Так, от греков и римлян, получили это слово и мы; и не только слово, но и то, что оно значит. Получили и понятие о культуре, и высокие образцы ее самой.
Хотя культура и ведет ко всевозможным открытиям, изобретеньям, орудиям, приспособлениям, удобствам, хоть она в них, как во многом другом, и сказывается, но суть ее все-таки не в них. И точно так же культурность отдельного человека не сводится ни к каким разобщенным между собой знаниям и уменьям. С образованностью, как я уже сказал, она не совпадает, да и образованность количеством знаний не измеряется; как, с другой стороны, и воспитанность не измеряется усвоением того или иного числа «хороших манер» и «добрых правил». Ругаться зловонной русской руганью или сморкаться, не пользуясь платком, конечно, некультурно, но отсутствие ругани и наличие платка еще не обеспечивают ни за кем никакой степени культуры. Не дают ее также ни высшая математика, ни игра в шахматы с тридцатью противниками, не глядя на доску, ни начетничество в какой бы то ни было области. А с другой стороны, как не дарует ее грамотность, так и неграмотность — даже в наше время — нельзя считать непреодолимым препятствием на пути к ней. Но тут лучше, чем к доводам, я прибегну к примеру.

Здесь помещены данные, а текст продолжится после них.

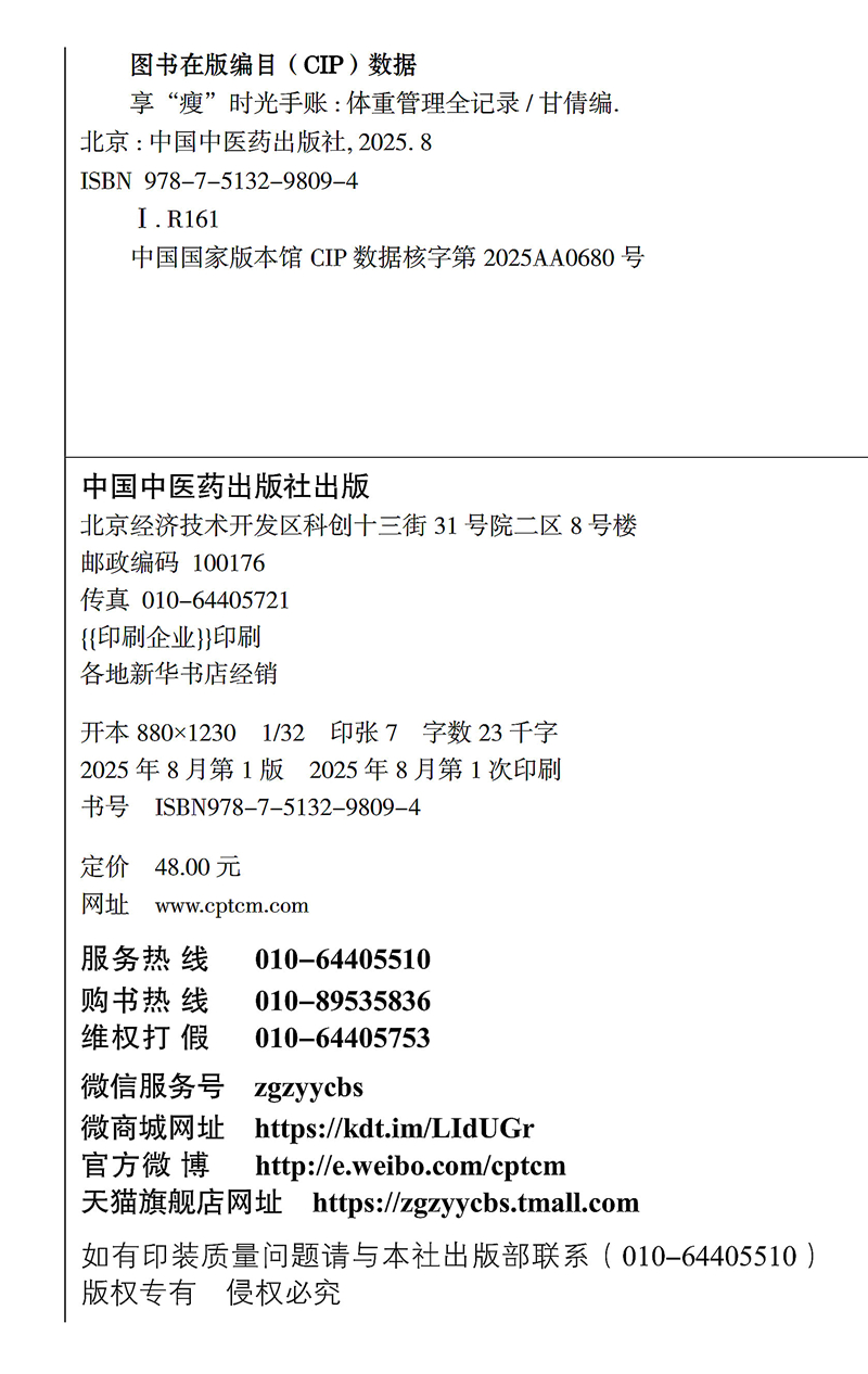 享“瘦”时光手账 体重管理全记录 甘倩 主编 探索期解锁身体密码 深耕期沉淀健康厚度 收获期习惯破茧成蝶 中国中医药出版社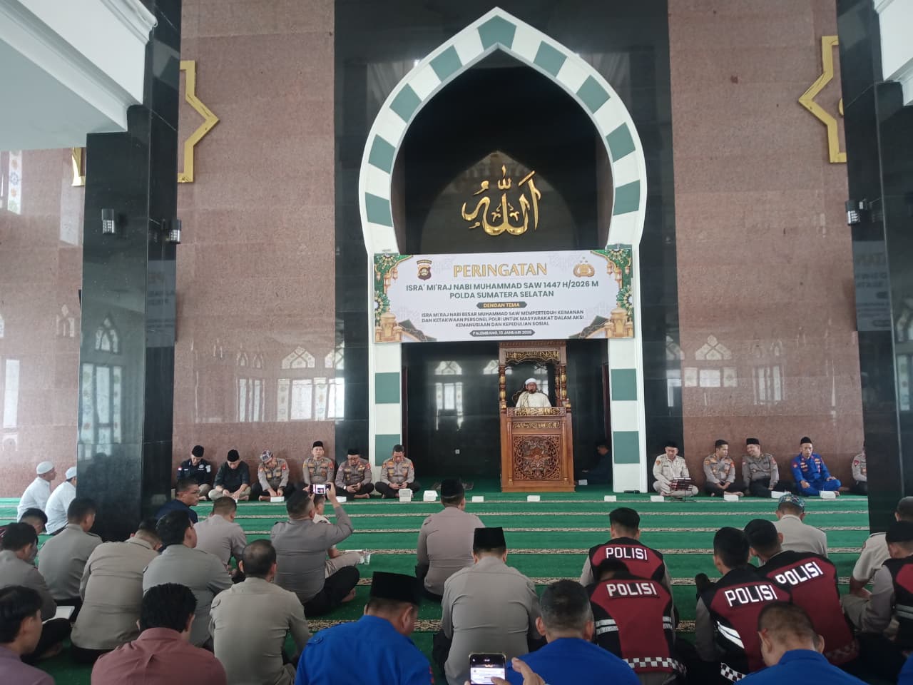 Palembang, Barometer99.com – Kepolisian Daerah Sumatera Selatan ( Polda Sumsel ) menggelar peringatan Isra Miraj Nabi Besar Muhammad SAW Tahun 1447 Hijiriyah di Masjid Assa’adah Mapolda Sumsel, Jalan Jenderal Sudirman Kota Palembang Kamis (15/1/2026).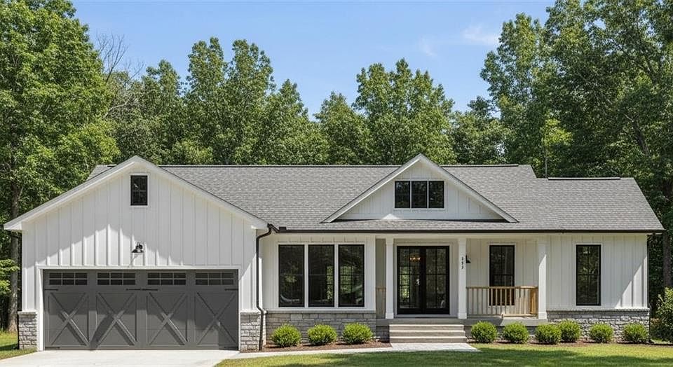 Brand new construction ranch-style on 3.02 acres in Locust Grove offering the perfect mix of modern comfort and country charm! This thoughtfully designed 3-bedroom, 2-bath home includes an additional flex room that can be used as an office or guest space, plus a spacious oversized 2-car garage with a dedicated storage room. Step inside through the elegant double-door entry and enjoy the ease of single-level living with soaring 10 ft ceilings, light brown wood flooring in the main living areas, and an open concept layout ideal for entertaining. The chef’s kitchen features bold blue cabinetry with quartz countertops, a large island with a farmhouse-style chandelier, a walk-in pantry, and direct flow into the family room highlighted by a cozy fireplace with custom wooden shiplap. The primary suite is a private retreat complete with tray ceilings, a feature wall with molding for added character, and barn wood doors leading to a spa-like bath with his-and-hers vanities, soaking tub, and separate standing shower. Secondary bedrooms are carpeted for comfort and share a beautifully finished full bath. A spacious walk-in laundry room adds convenience, while outdoor living is elevated with a huge covered back patio perfect for gatherings and enjoying peaceful evenings. This home is equipped with a brand new 1-horsepower well pumping 10 gallons per minute (no city water) and a brand new 1,500-gallon septic tank system, ensuring long-term efficiency and reliability. With excellent utilities, privacy, and plenty of land to spread out, this ranch home is a rare find in today’s market—offering brand new construction on acreage with designer finishes and timeless appeal. Estimated Completion for November 2025.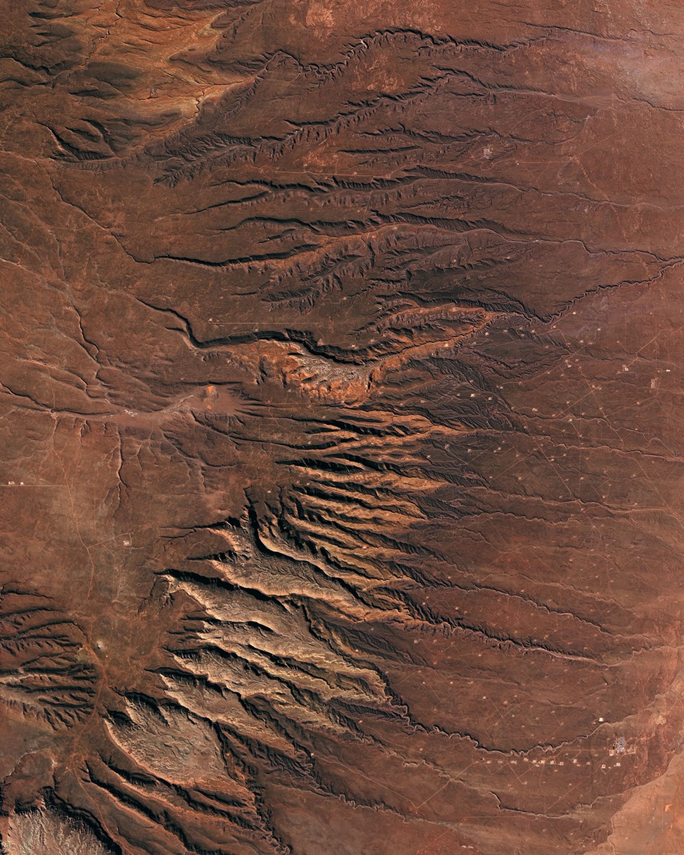 From space, boundaries between some of the major groups of sedimentary rock formations are visible. In the first image, the deep reds of the Candeleros Formation—a sequence of sandstones formed roughly 90 to 100 million years ago in a braided river system—dominate the landscape. These rocks are flanked in some areas, especially near the river, by a green-yellow sequence of rocks that are part of the younger Hunical Formation, formed during drier times. The older Royosa Formation, meanwhile, peeks through in some areas where erosion has scraped away overlying rock layers. (See the second image.)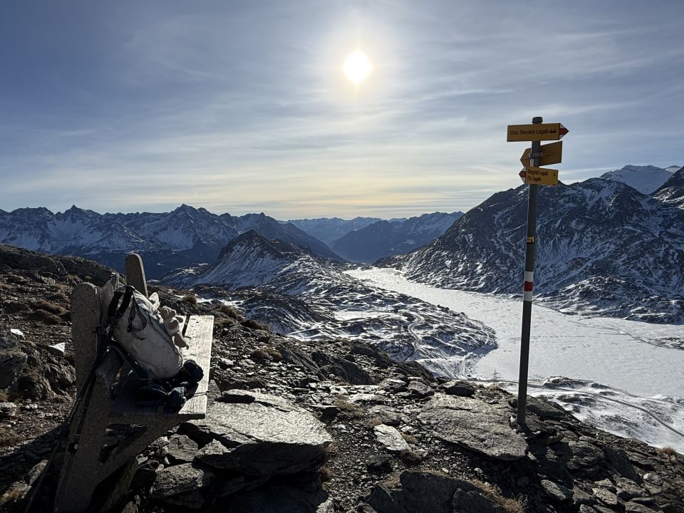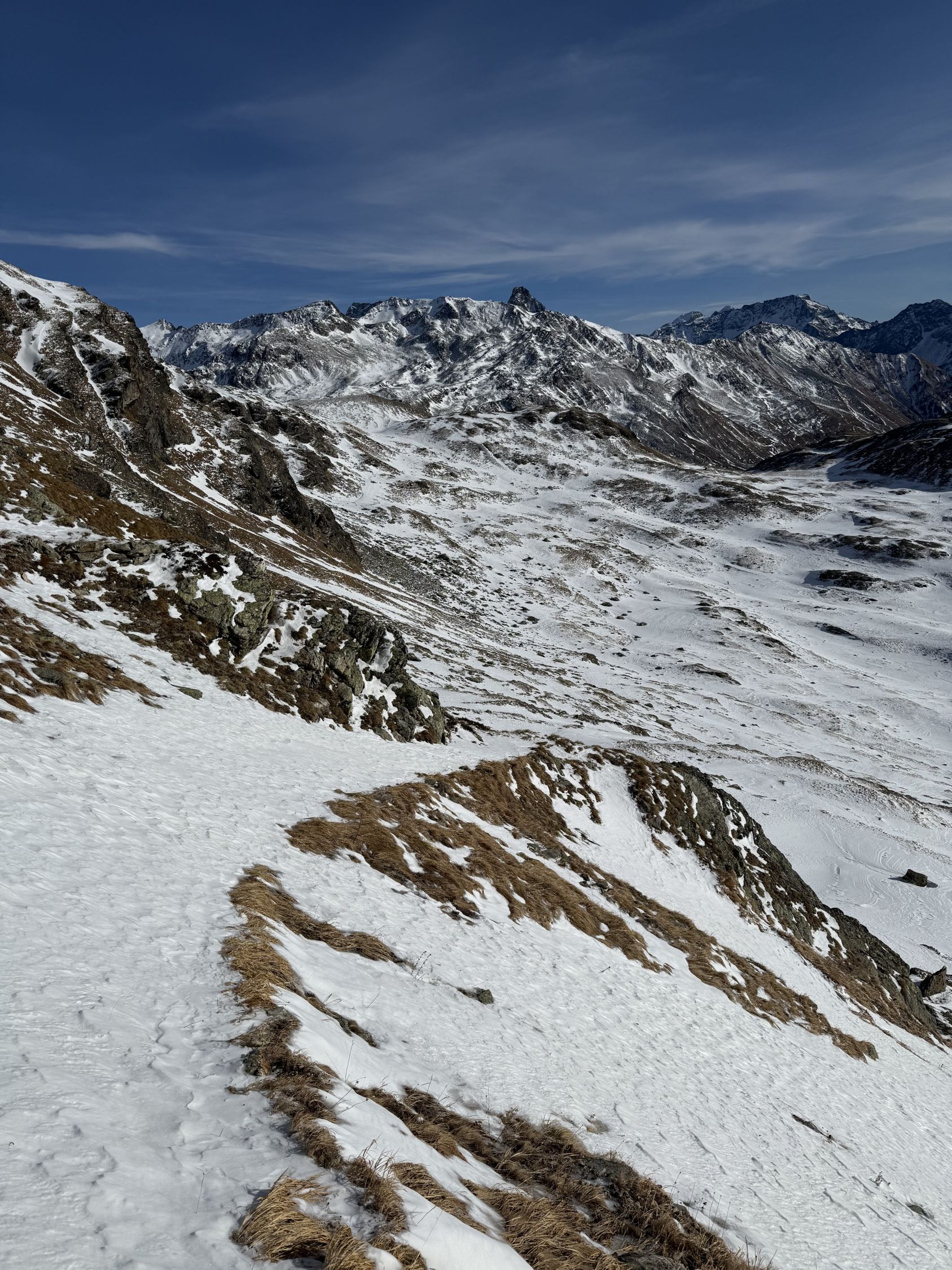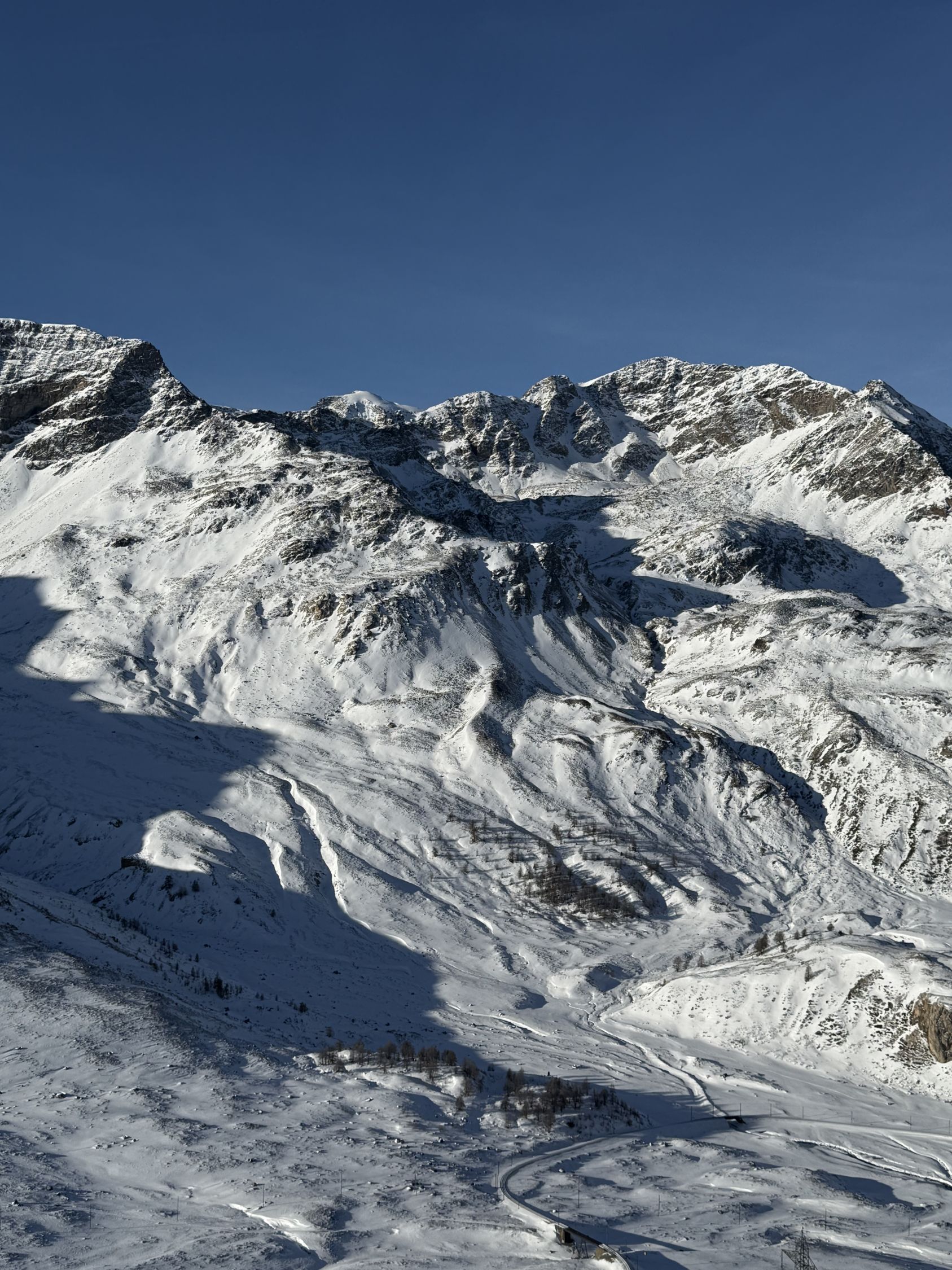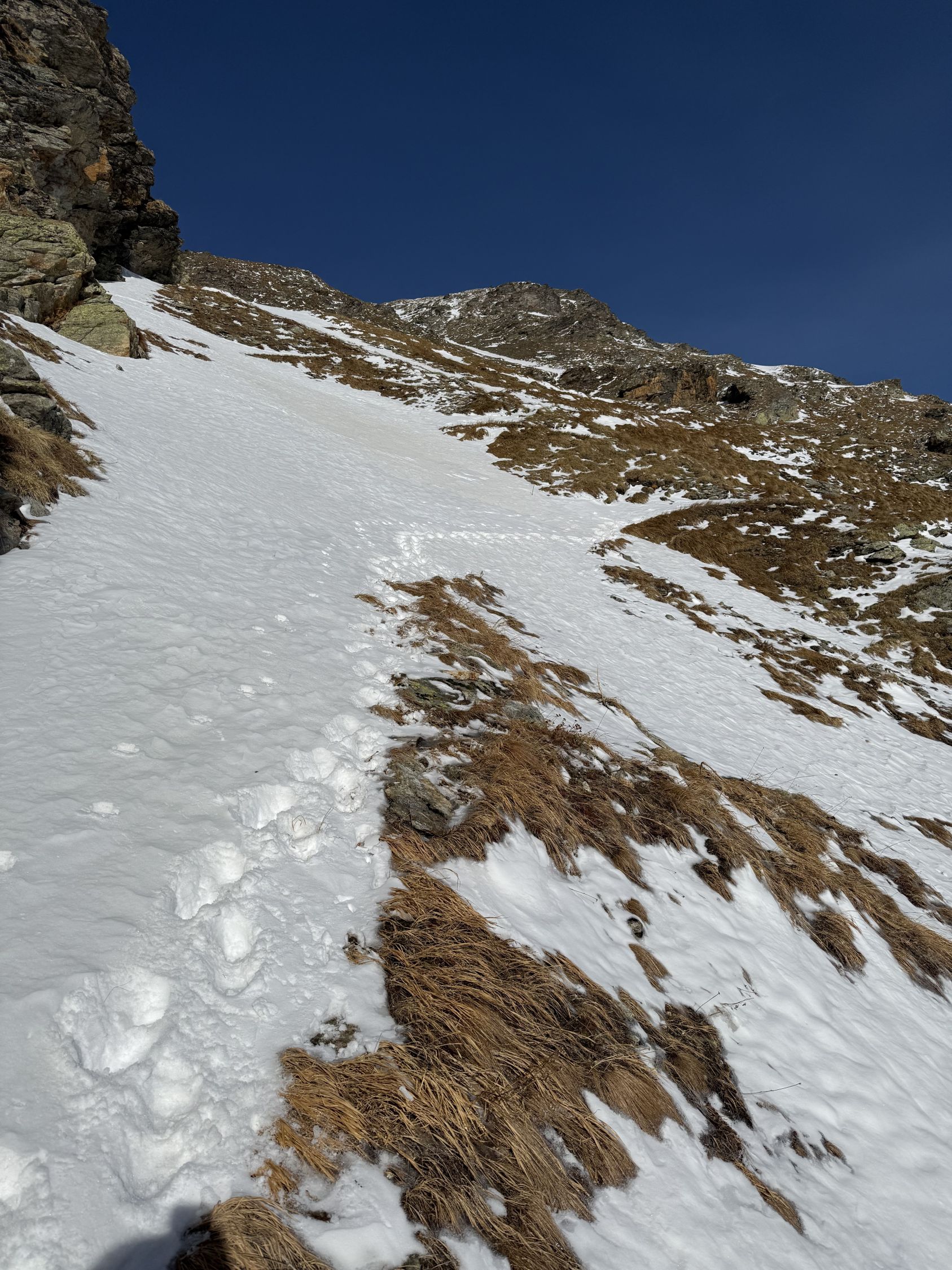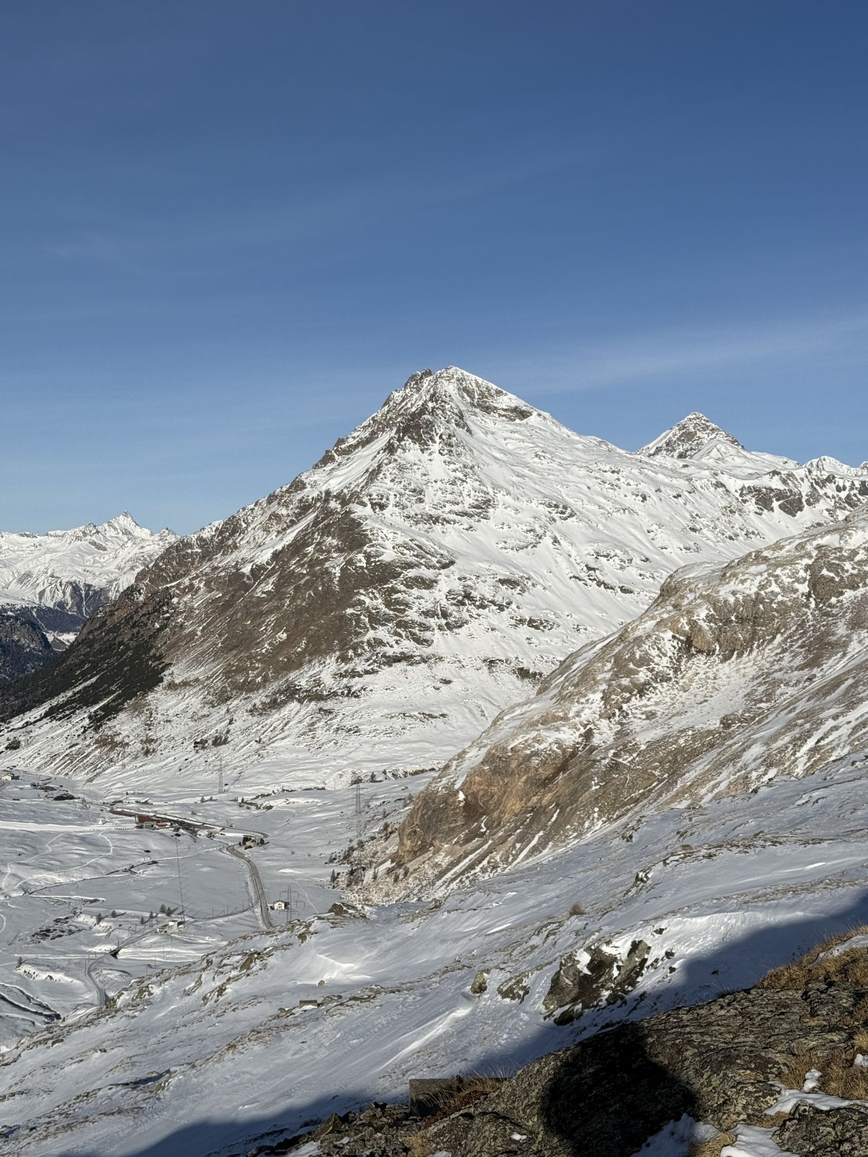 Rundtour bis Bank mit der schönen Aussicht und schwieriger Abstieg in der Südflanke, T4+. Start Berninastrasse 9 Uhr, minus 12 Grad, leichter Nordwind, blauer Himmel. Angenehmer Aufstieg mit Hochtourenschuh auf Schneeschuhspur bis Bänklein Punkt 2698. Den Gipfel habe ich mir heute geschenkt, die Bergstation unterhalb des Gipfels ist ja auch nicht gerade ein interessanter Bau! Für Abstieg habe ich die Grödel montiert. Hatte mehr Schnee als ich gerechnet habe, vorsichtiger Abstieg, teilweise sehr steil und hart. Im Val dal Bügliet eine Schneeschuhspur bis Parkplatz Berninastrasse. Tolles Ambiente, hatte wie erwartet den Berg für mich alleine, der Skibetrieb ist infolge Schneemangel eingestellt.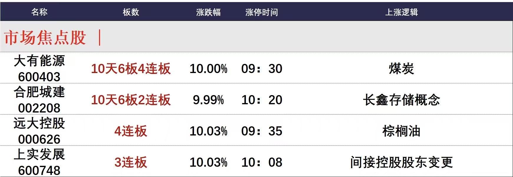 今日午盘全市场共33股涨停,连板股总数8只,11股封板未遂,封板率为75%(不含ST股、退市股)。焦点股方面,大有能源、远大控股晋级4连板,长鑫存储概念股合肥城建走出10天6板,间接控股股东变更的上实发展上实发展。

Это было в семнадцатом году, между Февралем и Октябрем, весной в Крыму, где я отдыхал после тяжелой болезни. Мы познакомились там, жена и я, с супружеской четой из Москвы, людьми средних лет, средне-купеческого или мещанского звания. Фамилия их была незаурядная и, можно сказать, пророческая: их звали Комиссаровы. Муж ничем замечателен не был. Жена была — иначе не могу выразиться — чудом культуры. Была она полновата, миловидна, ходила плавною походкой, все движения ее были мягкие и плавные. Темно-русые волосы причесывала она гладко, на прямой пробор, носила темные широкие платья и всегда платок на плечах, вообще одевалась необычно — на крестьянско-купеческий лад, по-русски. Вкус она в этих своих нарядах проявляла исключительный; все к ней шло, ни в чем ни шва, ни складки, ни цвета изменить, казалось, невозможно. Заглядишься бывало на нее…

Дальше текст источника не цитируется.